> _YOUR TASK_
Where the data below shows a picture, leave that picture out and copy the rest exactly.

> _PROVIDED MATERIAL_

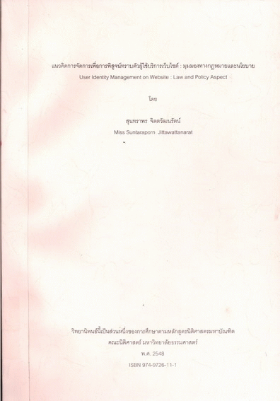 แนวคิดการจัดการเพื่อการพิสูจน์ทราบตัวผู้ใช้บริการเว็บไซต์ : มุมมองทางกฎหมายและนโยบาย / สุนทราพร จิตตวัฒนรัตน์.
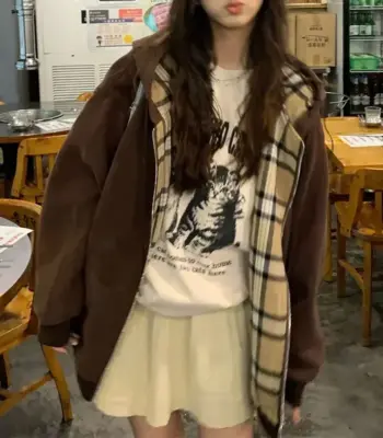 Brown Zip Up Hoodie Women 2023 Autumn Lattice stitching Long Sleeve Casual Oversized Sweatshirt Solid Jacket Women Clothing
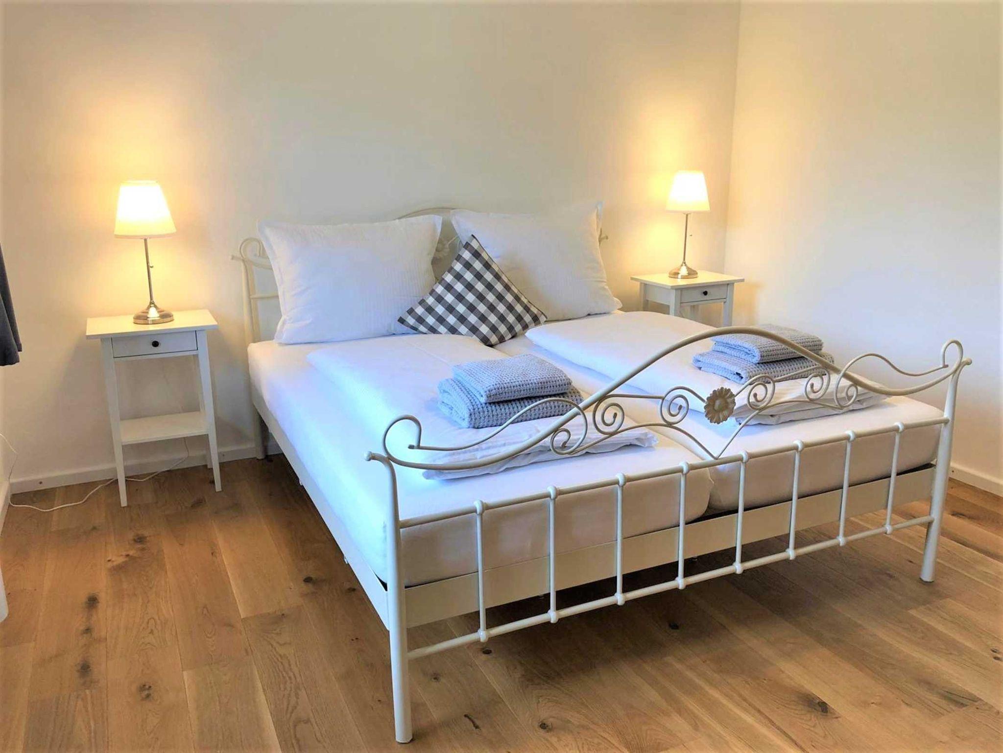 Farblich abgestimmt und stilvoll eingerichtet verfügt das Haus über drei Schlafzimmer mit je einem großen Doppelbett, einem Kleiderschrank und Sitzgelegenheiten.
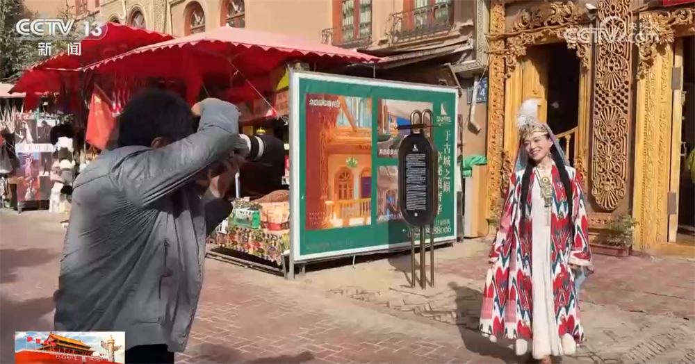 在新疆喀什古城景區(qū),這幾天每天都舉行開城儀式,迎接來(lái)自全國(guó)各地的游客。古城街巷里更是掛滿了國(guó)旗,讓人們感受到濃濃的國(guó)慶氛圍。景區(qū)人氣火爆也帶來(lái)商業(yè)機(jī)遇,身著民族傳統(tǒng)服飾的游客隨處可見,旅拍攝影師則在一旁記錄。

> _ANSWER AREA_
 แนวคิดการจัดการเพื่อการพิสูจน์ทราบตัวผู้ใช้บริการเว็บไซต์ : มุมมองทางกฎหมายและนโยบาย / สุนทราพร จิตตวัฒนรัตน์.
 Brown Zip Up Hoodie Women 2023 Autumn Lattice stitching Long Sleeve Casual Oversized Sweatshirt Solid Jacket Women Clothing
 Farblich abgestimmt und stilvoll eingerichtet verfügt das Haus über drei Schlafzimmer mit je einem großen Doppelbett, einem Kleiderschrank und Sitzgelegenheiten.
 在新疆喀什古城景區(qū),這幾天每天都舉行開城儀式,迎接來(lái)自全國(guó)各地的游客。古城街巷里更是掛滿了國(guó)旗,讓人們感受到濃濃的國(guó)慶氛圍。景區(qū)人氣火爆也帶來(lái)商業(yè)機(jī)遇,身著民族傳統(tǒng)服飾的游客隨處可見,旅拍攝影師則在一旁記錄。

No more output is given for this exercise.